NB: this post is by Tim Hewish, my Parliamentary Researcher, and the views expressed are his own.

Commonwealth Day passed the world by yesterday. As a network of nearly a third of the world’s population and with the Queen as its Head, you would think that the British would notice.

The Commonwealth represents 53 nations across the globe and spans all habitable continents with English as its lingua franca and most of its legal system based on Common Law.

I mention the Commonwealth not so much as to highlight our nation’s historical memory gap, but to show our worrying future gap. With Europe’s total growth forecast to be -0.4% this year, twinned with a collapsing political currency and a labour force shrinking by 54 million by 2050 (a loss equivalent to the workforce of Germany) it is time for the UK not to look just to the Continent but to go global.

Meanwhile, the Commonwealth is expanding with a projected total growth of 3.7%, even higher in its African and Asian states; its labour force will increase by 60% or 825 million by 2050. With a burgeoning Commonwealth middle class, Britain is well placed to deliver them high end goods and services.

What stops us is Britain’s tie to the EU customs union which means we are unable to trade freely with other nations around the world. By treaty it forbids us. We have no seat at the World Trade Organisation and have surrendered our trading sovereignty to Brussels. Ironically, if we wanted to trade freely with Australia or Canada we would have to go through Europe although thankfully we haven’t yet capitulated our investment arm.

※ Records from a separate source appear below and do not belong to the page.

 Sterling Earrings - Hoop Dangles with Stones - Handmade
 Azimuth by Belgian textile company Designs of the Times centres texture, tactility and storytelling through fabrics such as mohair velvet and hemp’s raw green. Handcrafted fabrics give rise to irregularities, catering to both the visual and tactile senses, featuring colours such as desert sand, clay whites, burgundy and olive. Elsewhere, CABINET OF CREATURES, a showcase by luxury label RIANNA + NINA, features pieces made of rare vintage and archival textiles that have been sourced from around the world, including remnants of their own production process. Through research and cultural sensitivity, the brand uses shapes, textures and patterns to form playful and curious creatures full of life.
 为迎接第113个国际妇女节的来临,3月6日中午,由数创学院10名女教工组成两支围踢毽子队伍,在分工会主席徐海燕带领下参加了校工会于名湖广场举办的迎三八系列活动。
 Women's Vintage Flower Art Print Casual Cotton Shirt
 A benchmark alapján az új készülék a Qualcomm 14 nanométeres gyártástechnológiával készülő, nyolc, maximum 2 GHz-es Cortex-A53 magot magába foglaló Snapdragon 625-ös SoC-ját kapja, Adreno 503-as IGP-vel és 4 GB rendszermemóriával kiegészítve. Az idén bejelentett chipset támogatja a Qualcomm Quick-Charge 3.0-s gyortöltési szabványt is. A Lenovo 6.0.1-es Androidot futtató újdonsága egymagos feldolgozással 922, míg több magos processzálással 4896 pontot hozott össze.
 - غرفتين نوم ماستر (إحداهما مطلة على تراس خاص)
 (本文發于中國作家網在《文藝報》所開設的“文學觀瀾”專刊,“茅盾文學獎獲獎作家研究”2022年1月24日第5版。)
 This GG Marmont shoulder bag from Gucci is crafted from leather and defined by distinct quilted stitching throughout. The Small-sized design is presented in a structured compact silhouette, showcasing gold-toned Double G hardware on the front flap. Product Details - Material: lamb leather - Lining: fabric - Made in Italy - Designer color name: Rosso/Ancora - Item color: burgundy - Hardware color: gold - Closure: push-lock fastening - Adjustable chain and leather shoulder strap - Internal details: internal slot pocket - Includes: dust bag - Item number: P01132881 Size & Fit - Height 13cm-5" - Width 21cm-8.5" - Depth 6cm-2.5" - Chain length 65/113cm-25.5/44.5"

There are those who say if we left the EU we would be on the periphery of Europe. I say to them, we would be on the doorstep of the world. The Commonwealth has nations in key strategic economic blocs: One nation in NAFTA; Six in the Cairns Agricultural Group; 5 in the ASEAN-Aus-NZ agreement; 12 Caribbean nations in CARICOM; three nations (for now) in the EU; seven in APEC; and two current and two negotiating in the Trans-Pacific Partnership heralded as the new up and coming trading platform. The list goes on and is impressive.

All this goes to show that closer economic ties need not be based around fixed and rigid custom unions. For example, Australia and New Zealand are free to make numerous trade agreements. So why can’t the UK do likewise? It’s not as if she would be on her own. In a networked world it is beneficial to have friends in many places.

Just as on Facebook, wouldn’t you want 53 friends with something genuine in common rather than 25 who don’t really like you and send you invites to parties they can’t afford to pay for and then expect you to subsidise? I am not even sure if we can poke them anymore to get their attention as their spending binge is causing a massive hangover.

The Commonwealth is adding friends all the time. Cameroon and Rwanda joined a few years ago  while Algeria, Madagascar, a number of Gulf States, and South Sudan have have shown an interest in joining. Others like Japan, Hong Kong and China are keen on some sort of observer states. The Commonwealth is certainly trending higher than before.

With the inaugural All Party Parliamentary Group on the Commonwealth taking place this afternoon; an ongoing Foreign Affairs Select Committee enquiry into the role and future of the Commonwealth; and it being Jubilee year, it is now time to wake up and revisit the Commonwealth before economic events pass us by.